INFORMATION GIVEN
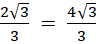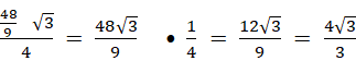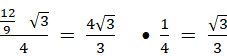 Najpierw obliczymy boki mniejszych trójkątów równobocznych, znając ich wysokość równą 1.
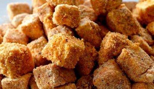 让豆腐块的每一面都裹满粉末。这样做能让豆腐块表皮在油煎时变得酥脆。
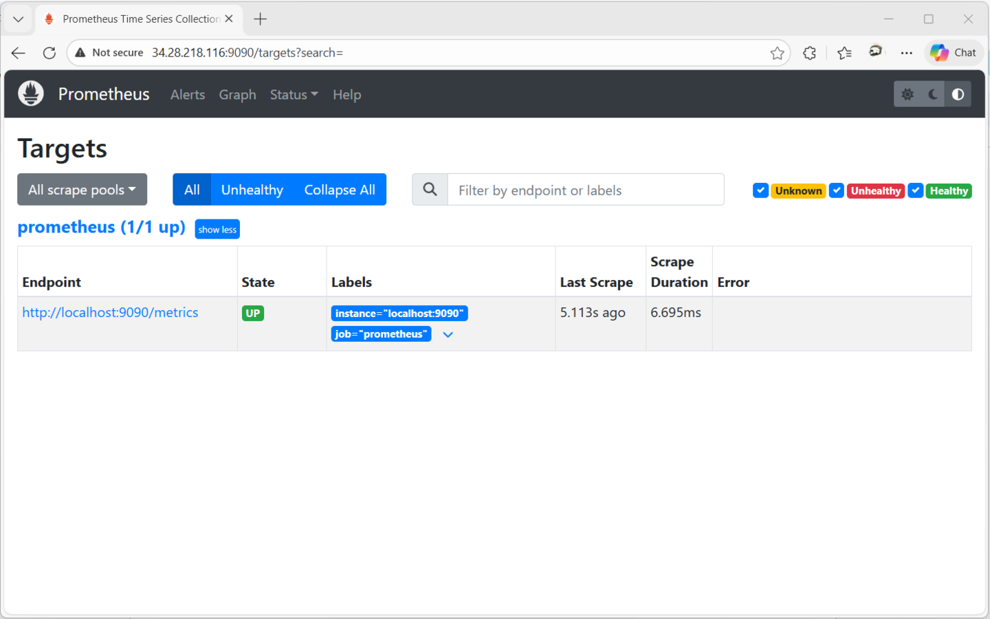 With all the configurations and settings in place, it’s now time to access Prometheus
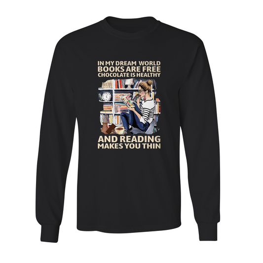 In My Dream World Book Are Free Chocolate Is Healthy And Reading Makes You Thin Book Lovers Gift LSB50
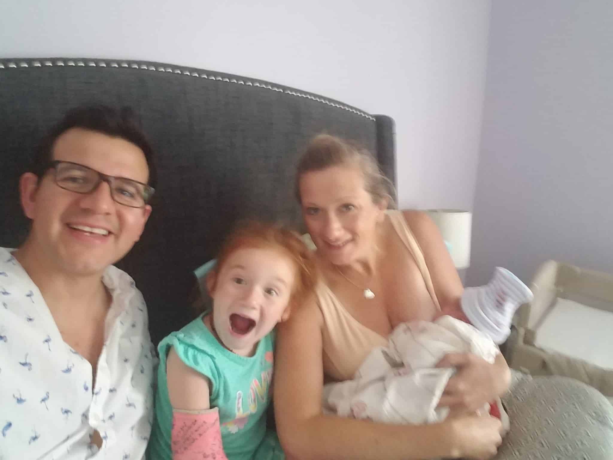 Then my mom called and asked if we had things set up and if we were ready for her and Alia to come down and watch the birth. Allan laughed and told her that the baby was already born. Oh, the best laid plans… my daughter was not here to see the birth, but she did get to come down and meet her brother when he was only a few minutes old. Our little family of 4 was able to sit on our bed and all bond with little Aidan. It was the nicest feeling to be in the comfort of my own home and just be able to enjoy each other’s company.
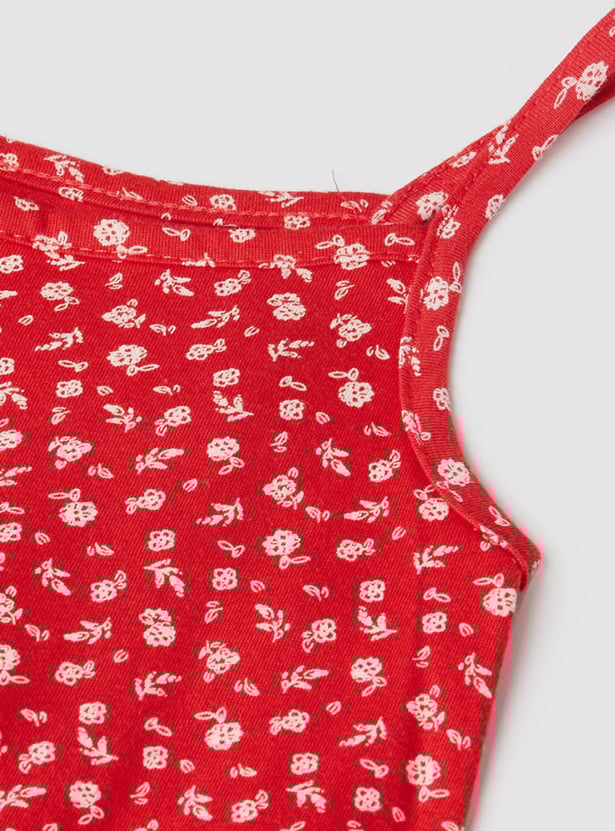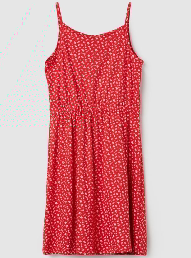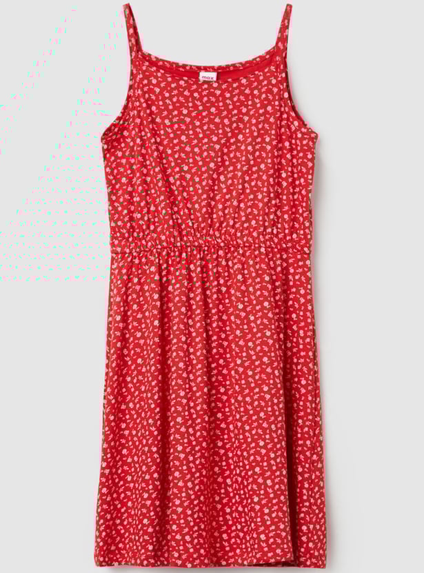 Girls Printed Spaghetti Neck A-Line Dress
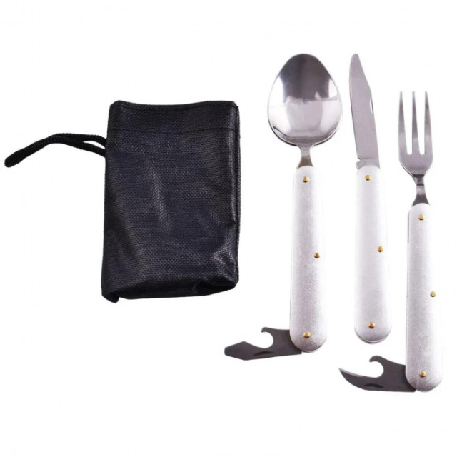 Мультитул сочетает в себе вилка, ложку, нож и открывашку, что делает его идеальным помощником в походах, на пикниках и в любых ситуациях, где требуется несколько инструментов одновременно. При необходимости, походный столовый набор легко раскладывается предоставляя доступ ко всем необходимым инструментам. Изготовлен из прочного пластика и стали, что гарантирует долговечность и надежность в использовании. Этот туристический столовый набор поможет вам всегда быть готовыми к любым задачам на свежем воздухе.
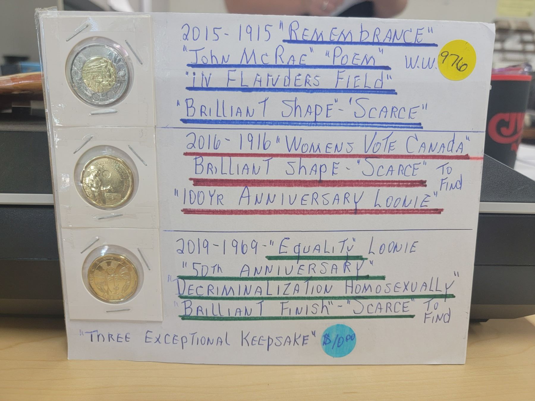 2015 REMEMBRANCE TOONIE, 2016 WOMENS VOTE LOONIE, 2019 EQUALITY LOONIE

WHAT THIS TASK INVOLVES
Start at the line above containing "With all the" and stop at the line containing "In My Dream": print those lines and everything between them exactly, but not the pictures.

OUTPUT OF THE TASK
 With all the configurations and settings in place, it’s now time to access Prometheus
 In My Dream World Book Are Free Chocolate Is Healthy And Reading Makes You Thin Book Lovers Gift LSB50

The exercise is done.